New Jersey is the only state in the nation that uses a bracketing system for its ballot design in primary elections: it organizes groupings of candidates in a column or row, rather than listing the office sought followed by a list of each candidate in that race. Candidates who are running for different offices that are in the same bracket are featured together, whereas unbracketed candidates are exiled to separate sections of the ballot.

This bracketing system is flawed for several reasons. First, candidates who are bracketed are given access to more preferable ballot positions – for instance, further to the left or closer to the top. Research has shown that this leads to “position bias” that systematically advantages certain candidates over others. Candidates endorsed by county parties are also frequently bracketed together, disadvantaging other candidates who are either on their own or grouped with another unbracketed candidate. Finally, this design is confusing for voters and often obscures which candidate is running for which office – failing to meet a fundamental objective of good ballot design.
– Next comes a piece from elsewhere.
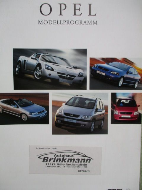 Opel Modellprogramm August 2001 Agila Corsa C,Astra,+Coupe +Cabrio,Zafira,Vectra,Speedster,Omega,Frontera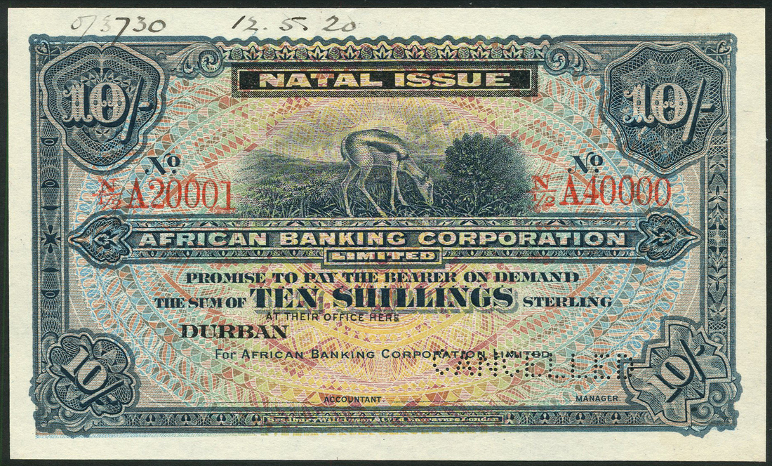 (†) African Banking Corporation, Natal Issue, specimen 10 shillings, Durban, ND (1920), serial range N/½ A20001- N/½ A40000, blue on multicolour underprint, springbok grazing top centre, value in each corner and at centre, reverse, green and orange, map of South Africa in ornate frame at centre

The burdens imposed by this atypical design disproportionately fall on voters of color. Ballot design studies have demonstrated that the poor and racial minorities are the most severely impacted by problems with ballot clarity. Moreover, communities with majority voters of color in New Jersey have witnessed some of the most egregious ballot designs, exacerbating the effects of structural racism.

Several candidates who ran in New Jersey primaries and some who plan to run again in the future are challenging the practice in federal court primarily because of the burden it imposes on candidates.

Our Brief

Campaign Legal Center (CLC) is representing the League of Women Voters of New Jersey (LWVNJ) and Salvation and Social Justice (SandSJ) as amici curiae to represent the voices of harmed voters. CLC and the New Jersey Institute for Social Justice have filed a brief in opposition to the defendants’ motion to dismiss on their behalf.    

Fair and clear ballot designs are vital to a healthy democracy. New Jersey’s misleading ballot design stands in direct opposition to this principle, and reinforces structural obstacles for voters and candidates of color.

CLC’s Clients

LWVNJ is a nonpartisan membership organization that has been dedicated to promoting civic engagement and protecting democracy through advocacy and voter education, assistance, and engagement for over one hundred years.

Founded in 2018, SandSJ is a nonpartisan, statewide racial justice organization in New Jersey. SandSJ has advocated for major voting rights efforts in the state, including restoring the right to vote to all people with criminal convictions, limiting police presence at voting locations, expanding voter access during the pandemic, and other measures to ensure that voters throughout the state, and specifically Black and other voters of color, have meaningful access to the ballot.